Item
1.01. Entry into a Material Definitive Agreement.
On October 4, 2021 Saratoga
Investment Corp. (the “Company”), in its capacity as collateral manager and equityholder, and its wholly-owned
special purpose subsidiary, Saratoga Investment Funding II, LLC (“SIF II” or the “Borrower”),
as borrower, entered into a senior secured credit facility (the “Credit Facility”) with Encina Lender Finance,
LLC (“Encina”), acting as administrative agent and as collateral agent.

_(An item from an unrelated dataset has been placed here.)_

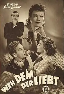 Woe to Him Who Loves (German: Weh dem, der liebt!) is a 1951 West German musical comedy film directed by Sándor Szlatinay and starring Gretl Schörg, Wolf Albach-Retty and Hubert von Meyerinck.[1] It was shot at the Wandsbek Studios in Hamburg. The film's sets were designed by the art director Herbert Kirchhoff.[2]

The Credit Facility is evidenced
by the Credit and Security Agreement, dated as of October 4, 2021 (the “Credit Agreement”), by and among the
Borrower, the Company, as collateral manager and equityholder, the lenders party thereto, Encina, as administrative agent for the secured
parties and the collateral agent, and U.S. Bank National Association, as collateral custodian for the secured parties and as collateral
administrator. The Credit Facility provides for borrowings in U.S. dollars in an aggregate amount of up to $50.0 million. During the first
two years following the closing date, SIF II may request an increase in the commitment amount from $50.0 million to up to $75.0 million.
The terms of the Credit Facility require a minimum drawn amount of $12.5 million at all times during the first six months following the
closing date, which increases to the greater of $25.0 million or 50% of the commitment amount in effect at any time thereafter. The term
of the Credit Facility is three years. Advances are available during the term of the Credit Facility and must be repaid in full at maturity.
SIF II may request an extension of the maturity date by an additional one year, subject to the agreement of the lenders.
Advances under the
Credit Facility are subject to a borrowing base calculation, with advance rates on eligible loans ranging from 50% to 75%. The
Credit Facility has numerous eligibility criteria for loans to be included in the borrowing base. Advances under the Credit Facility
bear interest at a floating rate per annum equal to LIBOR plus 4.0%, with a LIBOR floor of 0.75%, and with customary provisions
related to the selection by the Lender and the Company of a replacement benchmark rate. The Borrower must pay an unused fee on the
amount by which the commitment amount exceeds outstanding principal amounts on each day at a rate per annum equal to 0.75% if usage
is less than 50% of the commitment amount, or 0.50% if usage is less than or equal to 50% of the commitment amount. The
Borrower’s obligations to the lenders under the Credit Facility are secured by a first priority security interest in
substantially all of the Borrower’s assets. In addition, the Borrower’s obligations to the lenders under the Credit
Facility are secured by a pledge by the Company of its equity interests in SIF II, which is evidenced by the Equity Pledge
Agreement, dated as of October 4, 2021 (the “Equity Pledge Agreement”), by and between the Company and
Encina, as collateral agent for the secured parties.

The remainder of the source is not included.